Ubuntu Noble boot (dual W4100 quad-head cards), radeon driver - the amdgpu messages are similar

[ 11.030090] UBSAN: array-index-out-of-bounds in /build/linux-zdc93w/linux-6.8.0/drivers/gpu/drm/radeon/radeon_atombios.c:2718:34
[ 11.030095] index 48 is out of range for type 'UCHAR [1]'

[ 11.031839] UBSAN: array-index-out-of-bounds in /build/linux-zdc93w/linux-6.8.0/drivers/gpu/drm/radeon/radeon_atombios.c:2716:55
[ 11.031843] index 1 is out of range for type 'UCHAR [1]'

[ 11.032818] UBSAN: array-index-out-of-bounds in /build/linux-zdc93w/linux-6.8.0/drivers/gpu/drm/radeon/radeon_atombios.c:2706:39
[ 11.032823] index 2 is out of range for type 'ATOM_PPLIB_NONCLOCK_INFO [1]'

[ 11.033887] UBSAN: array-index-out-of-bounds in /build/linux-zdc93w/linux-6.8.0/drivers/gpu/drm/radeon/si_dpm.c:6831:39
[ 11.033891] index 2 is out of range for type 'ATOM_PPLIB_NONCLOCK_INFO [1]'

[ 11.034910] UBSAN: array-index-out-of-bounds in /build/linux-zdc93w/linux-6.8.0/drivers/gpu/drm/radeon/si_dpm.c:6868:32
[ 11.034913] index 16 is out of range for type 'UCHAR [1]'

Revision history for this message

Mario Limonciello (superm1) wrote on 2024-04-09:

#11

https://patchwork.freedesktop.org/patch/588305/

Revision history for this message

Mario Limonciello (superm1) wrote on 2024-04-09:

#12

Variable sized arrays have fallen out of fashion.

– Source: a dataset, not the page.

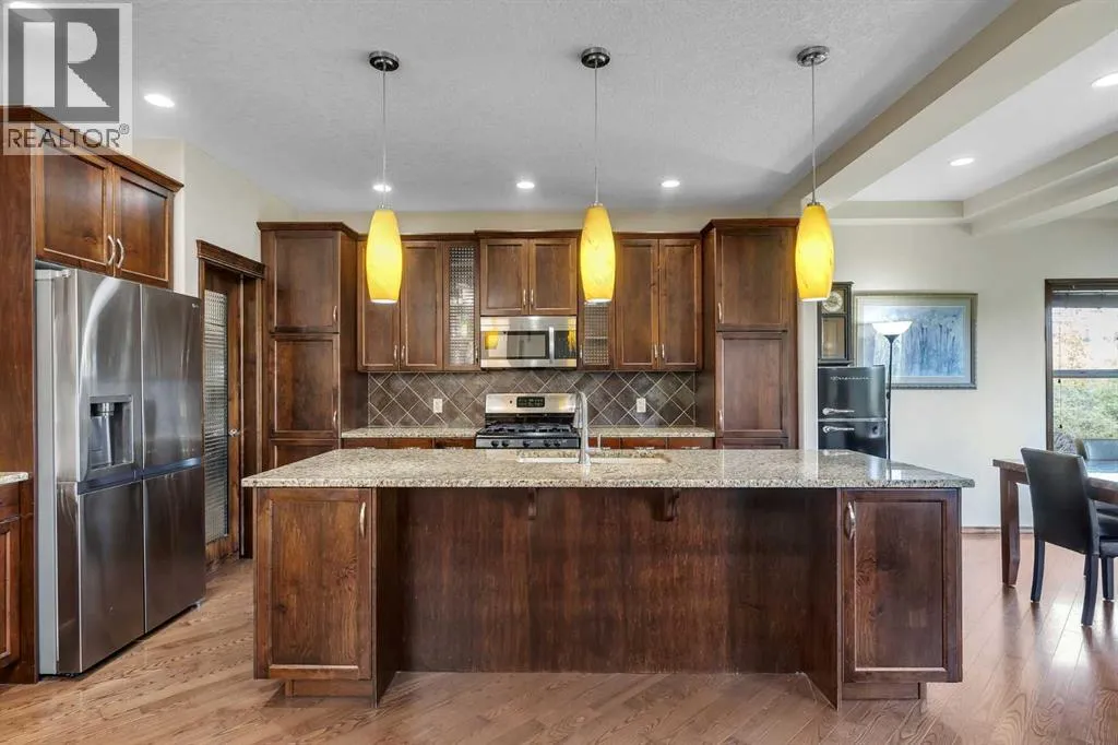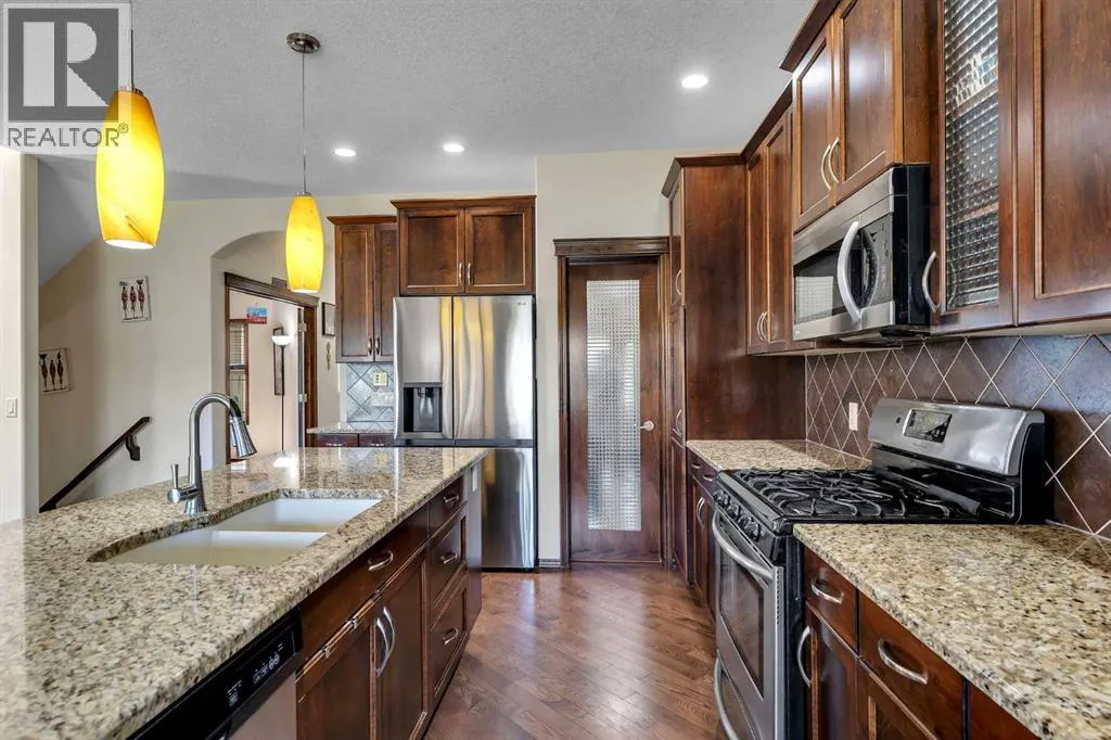 126 Tuscany Summit Heath NW â Where Nature Meets Refined Living. Perched in the heart of one of Calgaryâs most sought-after communities, this remarkable home offers more than 3,200 sq. ft. of thoughtfully designed living space, blending comfort and sophistication with the tranquility of nature. Set on a 35â x 117â lot, the property backs directly onto a scenic ravine with a pathway and park, providing both privacy and a stunning backdrop year-round. Step inside to a welcoming foyer with a custom built-in closet that opens to a bright front officeâperfect for todayâs work-from-home lifestyle. The main living area impresses with its warm, traditional gas fireplace and oversized windows that frame serene views of the ravine. The kitchen features rich shaker-style cabinetry, granite countertops, a gas stove, microwave hood fan, and a central island with breakfast bar, making it the heart of the home for both casual meals and lively entertaining. Upstairs, retreat to a spacious primary suite complete with a walk-in closet and a five-piece ensuite showcasing granite counters and a corner soaker tub. Two additional bedrooms, a full bath, a large bonus room (currently used as a bedroom), and a convenient laundry room complete the upper level. The fully finished walkout basementâwith 9-foot ceilingsâextends the living space and includes a fourth bedroom with laundry, a three-piece bath, second laundry, wet bar, and electric baseboard heating, offering flexibility for guests, extended family, or an independent living setup. Step outside to a large deck with stairs leading to a landscaped backyard that opens directly to the ravine pathway. Built-in speaker system in the main floor, bonus room, ensuite and rear deck. Whether itâs morning walks, evening strolls, or family playtime at the park, this setting truly brings outdoor living to your doorstep. Located in vibrant Tuscany, residents enjoy close proximity to schools, shopping, transit, and major routes including Ston ey Trail and Crowchild Trail. This is more than a homeâitâs a lifestyle opportunity rarely available. (id:27476)

There are various patches like that which fix this issue every time it crops up.

If you can still reproduce on the latest 6.9-rc kernels you should report a bug upstream to get the remaining cases fixed. Or if you feel comfortable you can write a patch for any remaining cases you hit. As you can see it's a trivial fix.